“A new day, same old working schedule,” grunts a prisoner as your entire barracks marches to a massive shed, snow coming down gently in snowflakes. This would be postcard weather, if not for the sounds of chopping, shouted orders, and the blisters on your extremities. Once inside the shed, a prisoner acting as quartermaster gives each prisoner a crude axe that is practically dull and looks like it might break in half if swung too hard. Hefting the primitive tool, you feel a fleeting sense of escape until a guard armed with a submachine gun marches everyone to the work site, a dense patch of trees stretching for multiple kilometers. Taking out a bullhorn and a rusted alarm clock, the guard tells everyone to start working until the timer is up. Glancing at the guard’s cheap watch, you see that it is barely 6:00 A.M., and the timer is set to go off at 7:00 P.M. Sighing in despair, you begin hacking at a previously chopped tree stump, wearing your already tired muscles down even further.
“If you don’t slow down, you’re going to work yourself to death,” says the older prisoner as he carries an armful of felled timber to a supply dump. “Just be glad you’re not one of those poor bastards sent to Kolyma…”.
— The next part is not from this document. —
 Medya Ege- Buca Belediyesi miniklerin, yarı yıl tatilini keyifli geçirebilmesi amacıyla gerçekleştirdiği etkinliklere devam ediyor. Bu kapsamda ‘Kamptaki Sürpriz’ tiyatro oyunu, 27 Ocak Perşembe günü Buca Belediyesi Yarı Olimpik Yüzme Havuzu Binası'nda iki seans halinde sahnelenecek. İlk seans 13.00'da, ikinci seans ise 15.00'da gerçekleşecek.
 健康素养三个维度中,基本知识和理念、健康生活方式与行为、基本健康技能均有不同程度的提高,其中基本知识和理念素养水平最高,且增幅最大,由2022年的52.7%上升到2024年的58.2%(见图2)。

As the backbone of the USSR’s terrorism on its own citizens, the gulags required the millions of prisoners in their system to actually do something useful to the state before they were either killed or released. This amounted to slave labor, with appalling working conditions and (previously mentioned) inadequate rations. It is believed that the type of work a prisoner received ultimately decided whether they would live or die. Most sent to work in the timber or mining industries were considered dead men, considering the unrealistic quotas and the amount of labor required to cut out a chunk of coal, or a piece of timber.Those with easier jobs, known as “trustees”, worked in the barber shop, cafeteria, bathhouses, and other indoor locations away from the harsh elements of the outside workers. Trustees could actually control the other prisoners’ lives, deciding who would be on break and who would get more rations. Many trustees got into their position of power via bribes with camp administrators or sexual favors.
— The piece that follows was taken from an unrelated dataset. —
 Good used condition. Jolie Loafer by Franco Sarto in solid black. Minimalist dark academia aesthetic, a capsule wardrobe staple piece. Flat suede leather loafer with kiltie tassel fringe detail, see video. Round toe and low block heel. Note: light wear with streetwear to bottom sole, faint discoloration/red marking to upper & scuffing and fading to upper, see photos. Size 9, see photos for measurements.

Publicized USSR propaganda claimed that gulags were an essential cog in Russia’s economy, but the camps were not as successful as they were marketed to the world. An exception to this is the large amounts of gold mined in SIberia, but otherwise the actual laborers were either too sick, starving, or injured to provide a “profit” in natural resource production. A glaring example of this is the White Sea Canal project, in which 170,000 prisoners were forced to dig a 141-mile canal connecting the Baltic and White Seas in 20 months. Prisoners did finish the project, but 15% of the laborers died while working on the spot, not including those who died afterward from exhaustion or illness. Hailed as a huge success, even by the United States, the White Sea-Baltic Sea Canal turned out to be “too narrow and too shallow”, presumably due to the outdated equipment issued to prisoners and the horrible time constraints.
One of the most feared camps in the gulag system was Kolyma, an extremely remote camp northeast of the USSR (now Siberia). A gold mining slave labor camp, Kolyma was rumored to be in a state of constant winter, and was only reachable during the few months when the waterways became “warm” enough to thaw. Now, a 2,250 km (1,258 mi) highway appropriately labeled the “Road of Bones” connects the Kolyma region to the rest of Siberia as an overland route. It was constructed by Kolyma prisoners, and those who died were buried right under the concrete road.